The dark, misty eyes of the village elder in Garmsir said it all: the disappointment, cumulative fatigue and the worry that you only see in civilians caught up in a long-term combat zone. His gnarled fingers spun his worn beads relentlessly; the dry rivulets engrained on his weatherbeaten face belied his relative youth.
He had just spent an hour or more telling me in pained terms about the predicament of the 500 or so villagers – including the elderly, women and children – who had exiled themselves to the desert outside Garmsir, the southern gateway into central Helmand. For the past few weeks, the Taliban had been slowly suffocating the village with increasingly confident probing attacks against the poorly manned and equipped force of Afghan police garrisoned there. The elder explained that the villagers were left with no option but to flee to the sanctuary of the sand dunes, as they no longer felt safe sleeping in their own beds at night.
What really troubled me about this conversation was that, once again, the expectations of the ordinary Afghans that we had ostensibly come to help had been dashed. After years of terror under the Taliban regime, the Helmandis had genuinely thought that we were going to make a difference to their almost medieval way of life.
In this case, the elders of Garmsir wanted no more than £25,000 to rebuild and re-equip the horticultural business that had once been a thriving entity in what was the breadbasket of Afghanistan. Their contention, which I had immediately grasped as the commander of British forces in southern Afghanistan in that long, hot summer of 2006, was that if we could provide jobs and an economic platform for their people, then they would keep the Taliban at bay: they would look after their own security, put food in their own mouths, engage their young men in a sustainable livelihood and, most importantly, persuade the sceptical villagers that life was better under coalition forces than under the Taliban.

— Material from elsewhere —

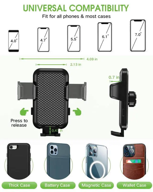 - Universal Phone Holder- Width of phone holder is adjustable from 2.13"-4.09" to fit all 4"-7" cell phones

Could I persuade the Foreign Office or Department for International Development to take a business-based, rather than aid-based approach, to reconstruction and development? Building a sustainable economic platform, creating jobs and a free market, was and remains the best and most cost-efficient way of transforming a failed state into a more prosperous and safer community. Well over $100 million a year has been spent in aid in Afghanistan since 2001 – to what demonstrable end?